§ **Supplied records**
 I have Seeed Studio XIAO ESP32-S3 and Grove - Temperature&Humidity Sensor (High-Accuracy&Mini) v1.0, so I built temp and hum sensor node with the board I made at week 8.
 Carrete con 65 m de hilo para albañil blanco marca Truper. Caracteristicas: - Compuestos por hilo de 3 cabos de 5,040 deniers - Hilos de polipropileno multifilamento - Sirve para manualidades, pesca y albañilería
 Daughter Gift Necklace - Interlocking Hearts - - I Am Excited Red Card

--

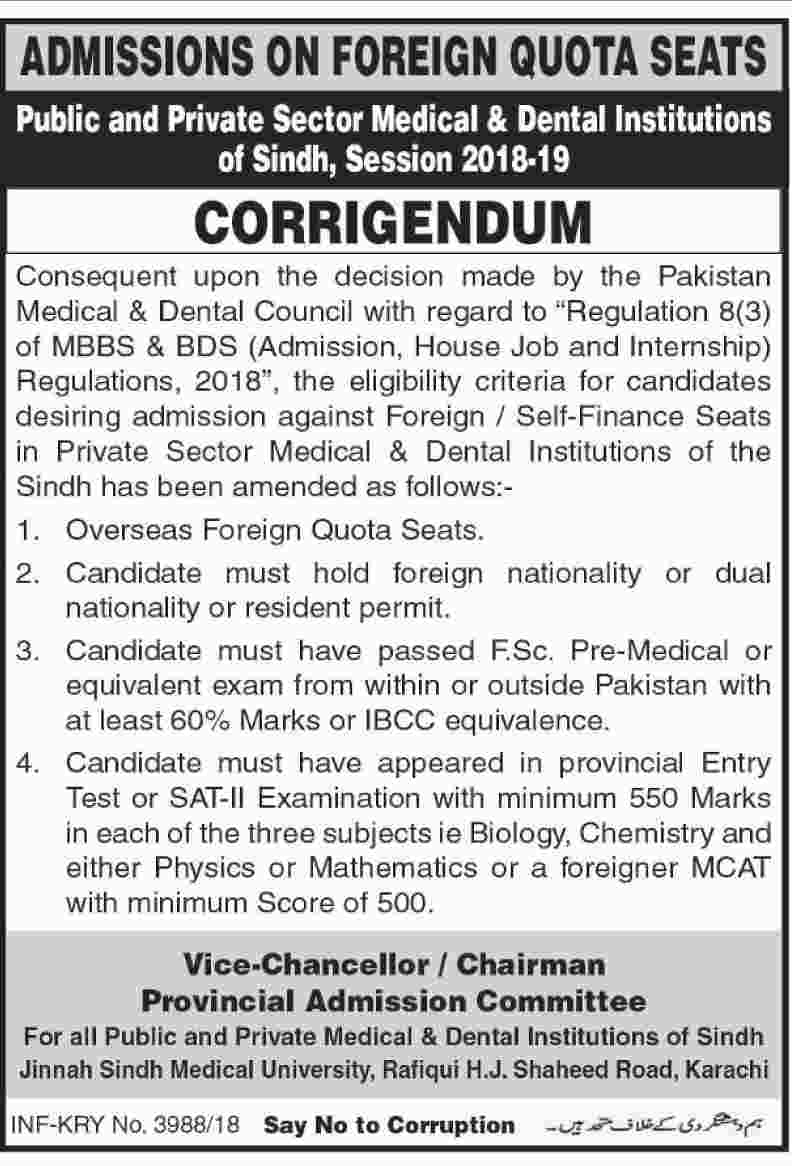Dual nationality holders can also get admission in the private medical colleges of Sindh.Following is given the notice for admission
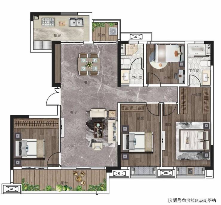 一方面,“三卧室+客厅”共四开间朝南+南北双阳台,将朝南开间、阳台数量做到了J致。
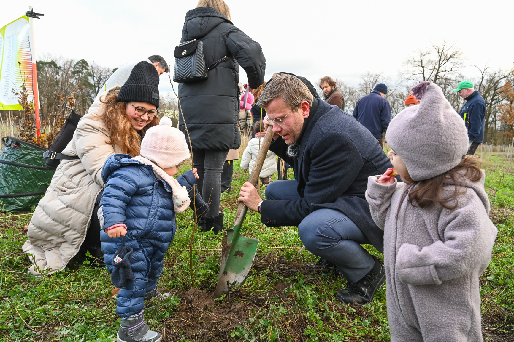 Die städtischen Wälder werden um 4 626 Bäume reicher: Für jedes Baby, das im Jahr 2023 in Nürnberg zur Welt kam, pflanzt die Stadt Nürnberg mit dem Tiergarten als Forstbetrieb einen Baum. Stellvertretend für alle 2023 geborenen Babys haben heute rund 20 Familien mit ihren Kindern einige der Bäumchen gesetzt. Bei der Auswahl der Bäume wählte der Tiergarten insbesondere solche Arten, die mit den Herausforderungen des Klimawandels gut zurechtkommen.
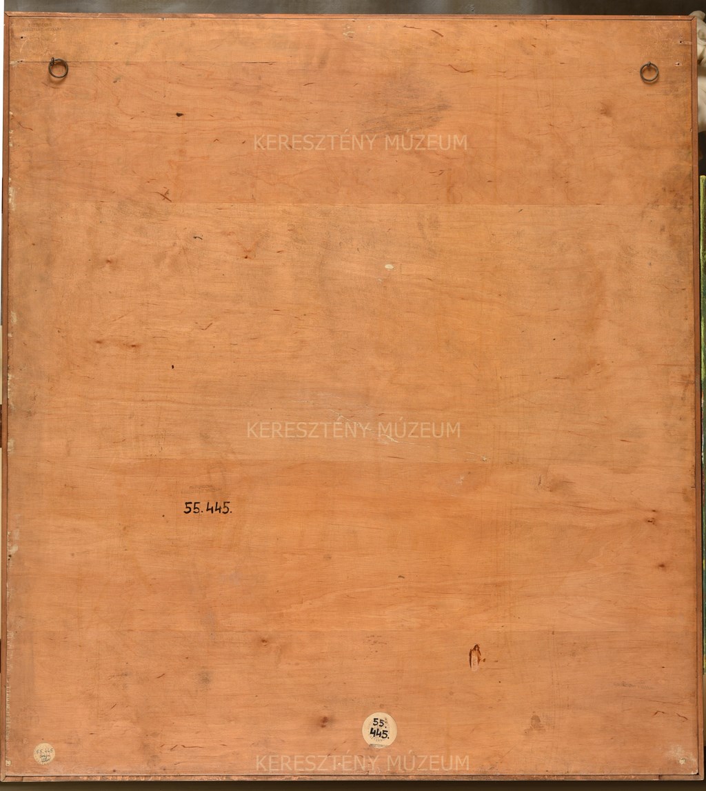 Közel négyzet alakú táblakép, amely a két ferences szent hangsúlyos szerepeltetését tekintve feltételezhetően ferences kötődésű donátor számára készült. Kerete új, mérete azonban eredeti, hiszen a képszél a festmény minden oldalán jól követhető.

§ **What the exercise asks**
Working from the data above, extract solely the lines from the one containing "I have Seeed" through the one containing "Carrete con 65", exactly as they appear, both included.

§ **Written answer**
 I have Seeed Studio XIAO ESP32-S3 and Grove - Temperature&Humidity Sensor (High-Accuracy&Mini) v1.0, so I built temp and hum sensor node with the board I made at week 8.
 Carrete con 65 m de hilo para albañil blanco marca Truper. Caracteristicas: - Compuestos por hilo de 3 cabos de 5,040 deniers - Hilos de polipropileno multifilamento - Sirve para manualidades, pesca y albañilería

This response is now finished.